TASK BRIEF: Return the following from the records below: each line, word for word, starting with the line that contains "Халат махровий на" and going on through the line that contains "14K Yellow Gold", with nothing outside that range.

═════ THE DATA

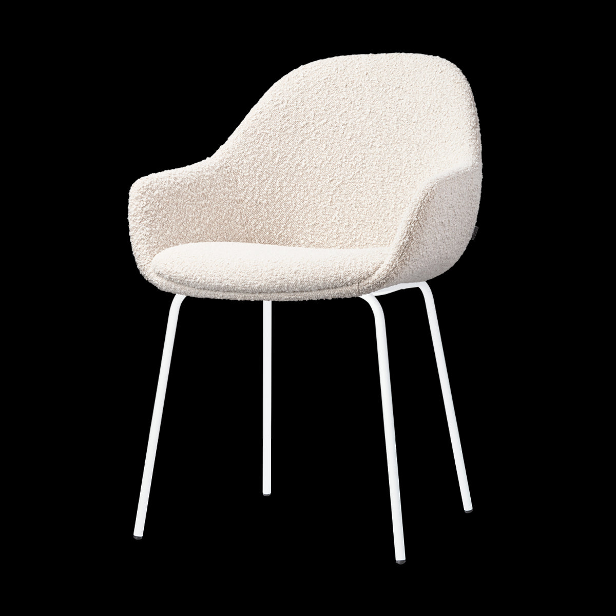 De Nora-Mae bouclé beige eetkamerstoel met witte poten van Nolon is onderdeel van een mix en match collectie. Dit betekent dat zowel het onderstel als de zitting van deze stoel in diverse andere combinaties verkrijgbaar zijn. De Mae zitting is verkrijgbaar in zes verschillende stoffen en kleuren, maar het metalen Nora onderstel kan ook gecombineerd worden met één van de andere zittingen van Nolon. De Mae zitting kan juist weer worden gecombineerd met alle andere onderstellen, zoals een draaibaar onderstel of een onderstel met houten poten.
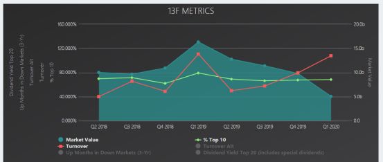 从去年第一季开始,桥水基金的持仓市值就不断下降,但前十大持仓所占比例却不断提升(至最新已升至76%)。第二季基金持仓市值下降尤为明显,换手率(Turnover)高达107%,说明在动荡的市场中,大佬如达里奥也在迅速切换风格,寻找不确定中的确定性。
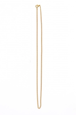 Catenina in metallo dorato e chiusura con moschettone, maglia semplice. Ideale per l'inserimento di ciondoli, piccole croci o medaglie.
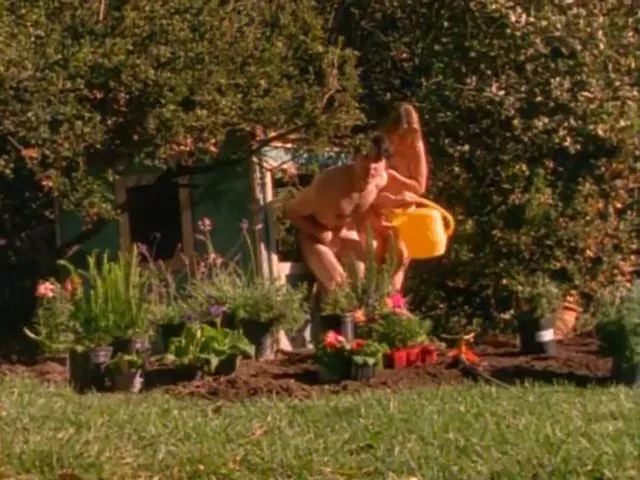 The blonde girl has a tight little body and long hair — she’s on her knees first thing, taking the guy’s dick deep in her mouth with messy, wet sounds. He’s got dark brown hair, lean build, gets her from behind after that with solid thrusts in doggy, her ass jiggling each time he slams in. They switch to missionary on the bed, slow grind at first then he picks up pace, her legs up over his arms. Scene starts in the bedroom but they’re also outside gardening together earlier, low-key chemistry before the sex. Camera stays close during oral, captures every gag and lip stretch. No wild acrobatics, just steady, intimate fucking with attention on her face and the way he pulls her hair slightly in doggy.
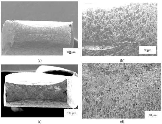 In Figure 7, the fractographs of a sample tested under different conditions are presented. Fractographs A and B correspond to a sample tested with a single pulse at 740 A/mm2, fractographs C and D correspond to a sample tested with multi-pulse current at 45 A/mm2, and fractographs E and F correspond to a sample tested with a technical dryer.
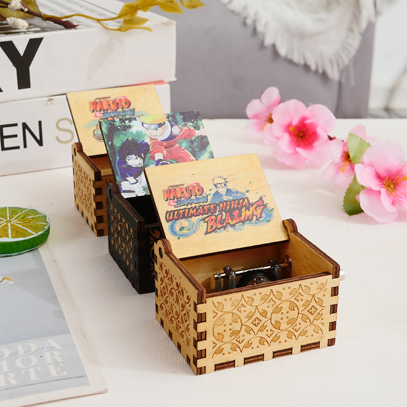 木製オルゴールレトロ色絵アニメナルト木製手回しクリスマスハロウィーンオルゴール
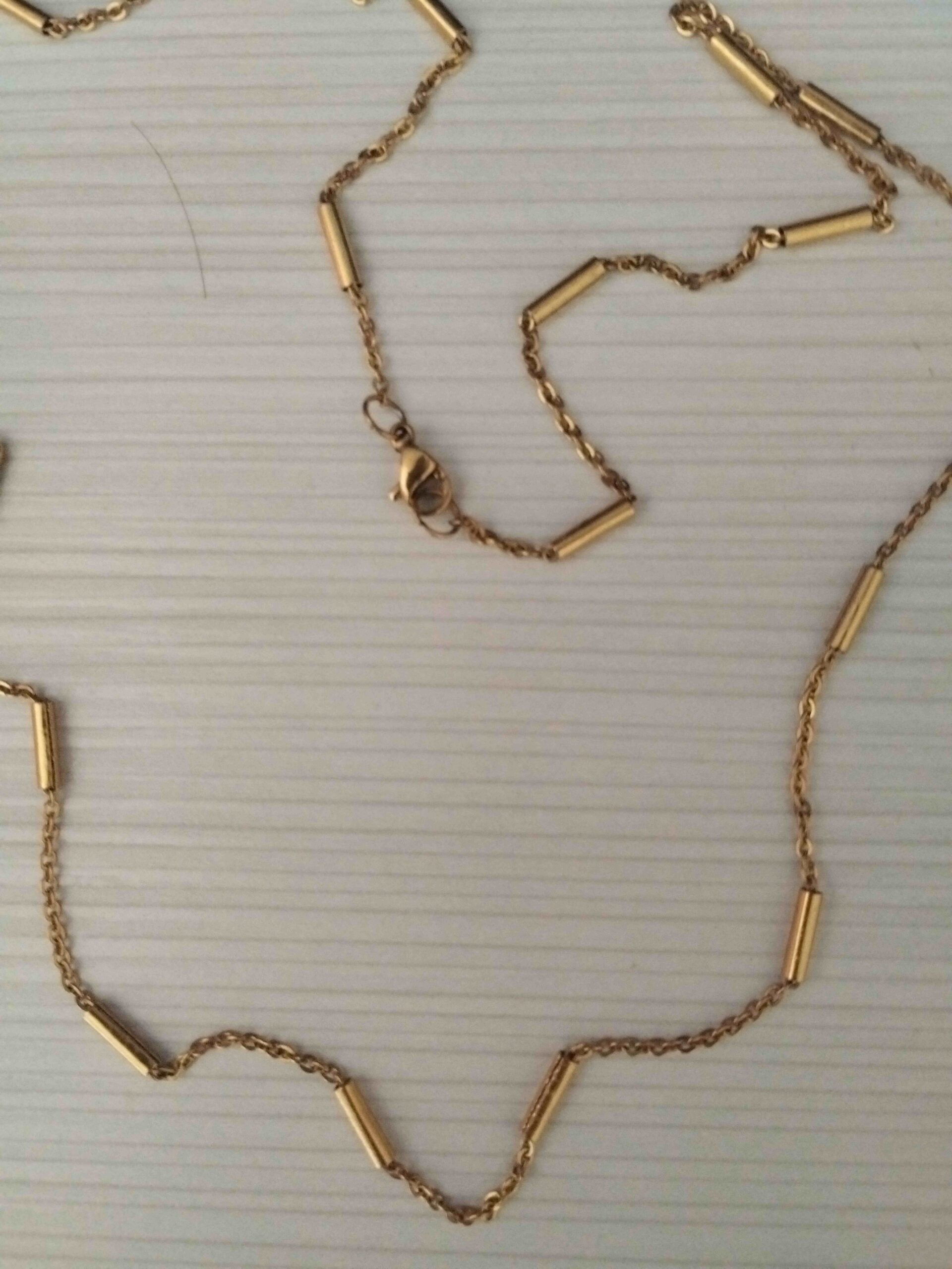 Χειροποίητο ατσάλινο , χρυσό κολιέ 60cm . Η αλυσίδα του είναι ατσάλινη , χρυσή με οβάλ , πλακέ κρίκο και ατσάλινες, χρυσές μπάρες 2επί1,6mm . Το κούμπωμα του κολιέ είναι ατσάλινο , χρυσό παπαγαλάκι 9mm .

══════════
═════ THE DATA

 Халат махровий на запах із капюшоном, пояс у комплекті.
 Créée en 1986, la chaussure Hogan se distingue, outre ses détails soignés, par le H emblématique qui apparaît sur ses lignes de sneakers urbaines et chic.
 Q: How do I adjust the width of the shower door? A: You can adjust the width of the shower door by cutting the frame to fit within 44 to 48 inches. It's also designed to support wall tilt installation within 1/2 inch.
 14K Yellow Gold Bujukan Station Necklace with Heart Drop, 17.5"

══════════

YOUR RESPONSE:
 Халат махровий на запах із капюшоном, пояс у комплекті.
 Créée en 1986, la chaussure Hogan se distingue, outre ses détails soignés, par le H emblématique qui apparaît sur ses lignes de sneakers urbaines et chic.
 Q: How do I adjust the width of the shower door? A: You can adjust the width of the shower door by cutting the frame to fit within 44 to 48 inches. It's also designed to support wall tilt installation within 1/2 inch.
 14K Yellow Gold Bujukan Station Necklace with Heart Drop, 17.5"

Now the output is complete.